Traffic of Android apps in Tor network could be detected with an algorithm

A new machine learning algorithm is able to detect the use of apps like YouTube, Instagram, among others, in Tor browser

A group of network security and ethical hacking specialists claims to have developed an algorithm capable of detecting the activity patterns in Android operating system apps within the Tor network traffic with 97% accuracy.

This algorithm is not an anti-anonymity script, because it cannot reveal the real IP address of a user, nor other details about their identity. Still, this algorithm is able to reveal if a Tor user is using an Android application.
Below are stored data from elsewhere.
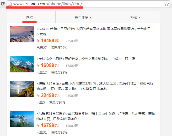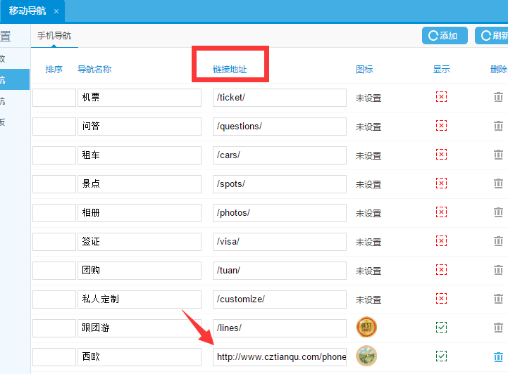 主導航添加成功后,需要加上有效的鏈接地址才能夠進行頁面的跳轉。比如:添加一個西歐的主導航,鏈接地址就需要您在移動版網站前臺,搜索找到西歐這個目的地,然后復制這個頁面的鏈接到移動導航的鏈接地址上面,這樣點擊西歐這個主導航,才能跳轉到關于西歐的產品頁面。(鏈接是需要移動版鏈接)
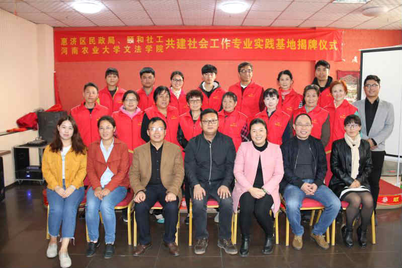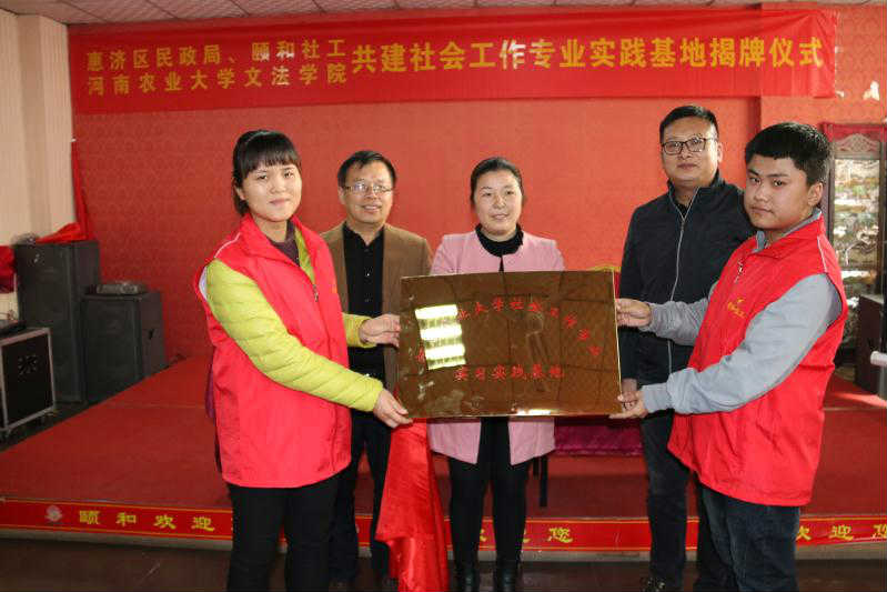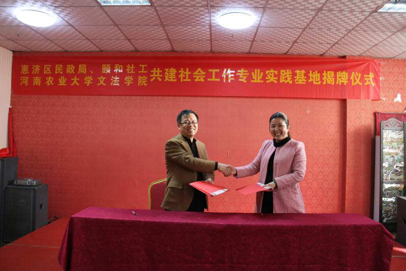 尤其是社会学系的概况,阐明了实习实践基地建设在社会工作专业人才培养中的意义,表达了与惠济区民政局、颐和社会工作服务中心合作的真诚愿望,并与颐和社会工作服务中心在就业实习基地协议上签字,并授予“河南农业大学社会工作专业实习实践基地”牌匾。
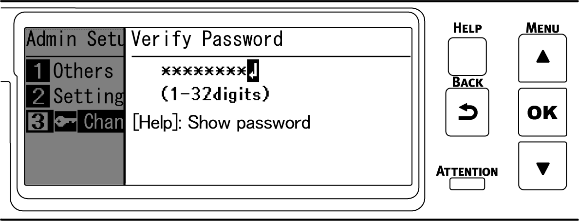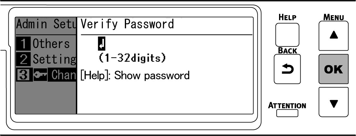 再次按 «OK» 时,密码即被变更,且屏幕返回 [Admin Setup(管理员设置)]。
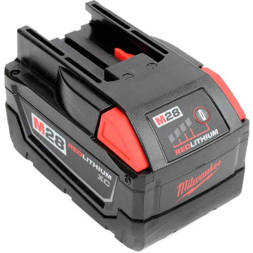 Powering the entire M28â„¢ LITHIUM-ION system, this re-designed and improved battery pack provides the durability, run-time and power needed to complete the toughest jobs. This improved battery pack features Milwaukee’s Digital Power Management system, which helps to ensure that optimal battery life and run-time is achieved, while protecting the battery and tool during the toughest jobsite applications.
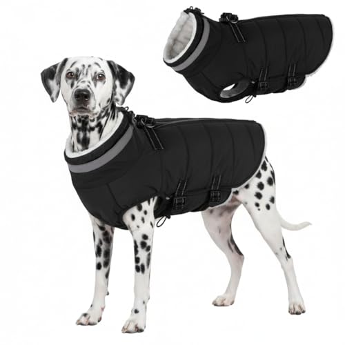AOFITEE Large Dog Winter Coat, Waterproof Jacket with Harness Hole, Warm Fleece Puffer Jacket for Large Dogs, Reflective Windproof Snowsuit for Dogs, Dachshund, French Bulldog, L
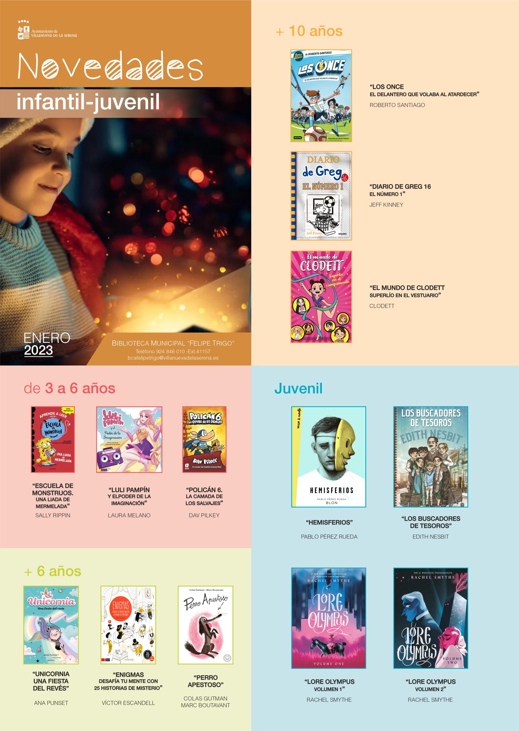 Para el público infantil, “Los once. El delantero que volaba al atardecer” de Roberto Santiago, “Diario de Greg 16. El número 1” de Jeff Kinney, “El mundo de Clodett. Super lío en el vestuario” de Clodett. “Escuela de monstruos. Una liada de mermelada” de Sally Rippin, “Luli Pampín y el poder de la imaginación” de Laura Melano, “Policán 6. La camada de los salvajes” de Dav Pilkey, “Hemisferios” de Pablo Pérez Rueda, “Los buscadores de tesoros” de Edith Nesbit, “Unicornia una fiesta del revés” de Ana Punset, “Enigmas desafía tu mente con 25 historias de misterio” de Víctor Escandell, “Perro apestoso” de Colas Gutman y Marc Boutavant y “Lore Olumpus 1 y 2” de Rachel Smythe.

The work of this team of experts in network security is based on previous developments able to analyze the flows of TCP packets of traffic in Tor and differentiate between eight different types of traffic: browsing, chatting, email, streaming audio, video, File transfer, VoIP and P2P.

This time the specialists applied a similar concept of analysis of TCP packets flowing through a Tor connection to detect specific patterns associated with the activity of certain Android applications.
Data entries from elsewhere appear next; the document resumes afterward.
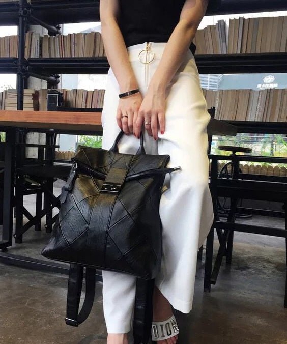 Style Black Plaid Large Capacity Faux Leather Versatile Backpack Bag
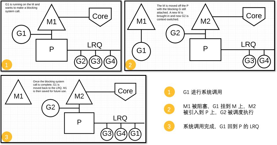 | 系统调用 | 当 goroutine 进行系统调用时,会阻塞 M,所以它会被调度走,同时一个新的 goroutine 会被调度上来 |
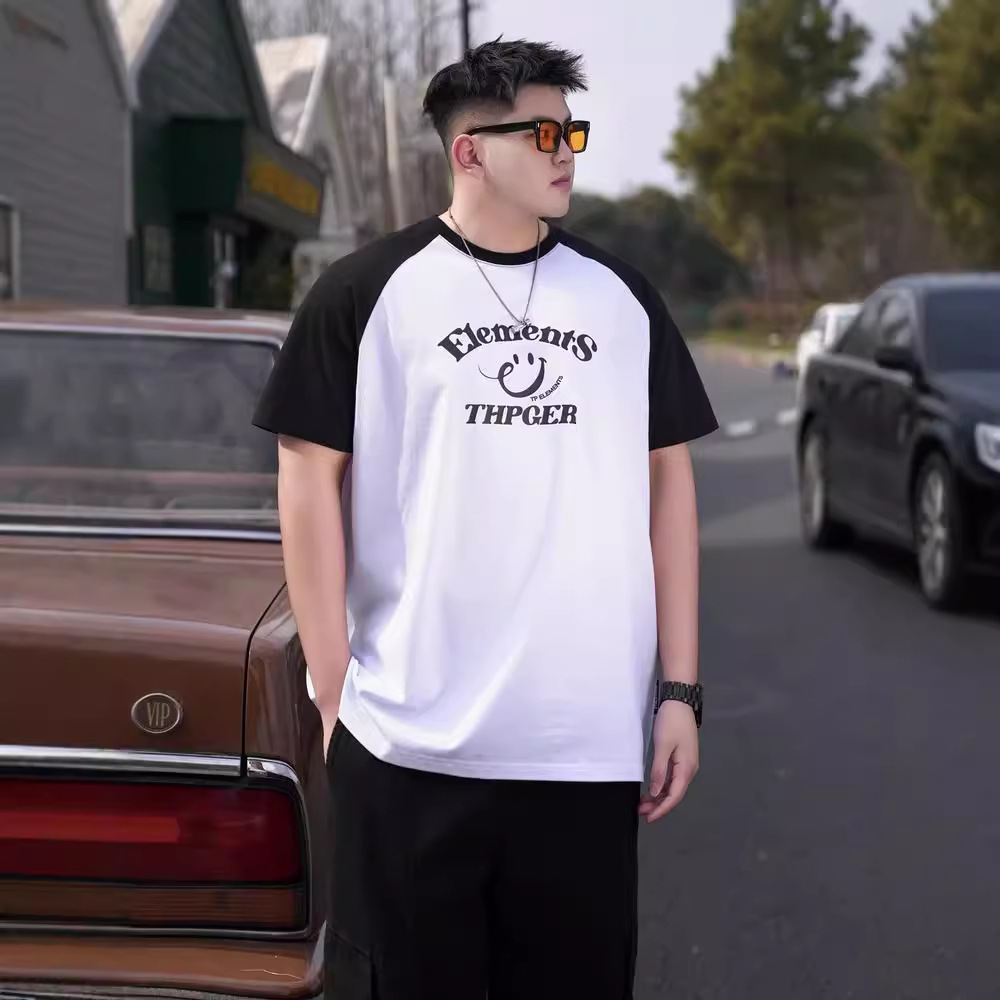 ファッションのアルファベットのプリントの丸首の半袖のtシャツの紳士服の夏の太った人は太っていて、ゆったりしている半袖の底のシャツの男をプラスします。
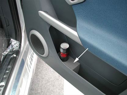 まずは日本仕様なのか、運転席ドア下のポケットに発煙筒ではなく非常灯があった。まあこれはいい。ところが非常灯を挿している入れ物が、単なるウレタンの塊なのだ(矢印部分)。

Subsequently, they developed a machine learning algorithm trained with Tor traffic patterns from ten different apps: Android Tor Browser, Facebook, Instagram, Twitter, YouTube, Spotify, Skype, Twitch, Replaio Radio and DailyMotion.

Once the algorithm training was completed, the specialists used it in Tor traffic to detect whether an individual were using any of these apps. The results were overwhelming, the algorithm showed 97.3% accuracy.

However, the algorithm is not as efficient as it seems. According to network security specialists from the International Institute of Cyber Security, it can only be used when there is no background traffic, in other words, when the user is using one and only one application on a smart device.

This means that when there are two or more apps communicating at the same time in the background, the algorithm starts confusing TCP traffic patterns, so its effectiveness level decreases.

In addition, the algorithm also has precision flaws. Some streaming apps (like YouTube or Spotify) produce very similar traffic patterns, so the algorithm tends to confuse them.

Finally, as future experiments consider the analysis of more applications, similar problems will continue to appear, thus the effectiveness of the algorithm will be considerably reduced.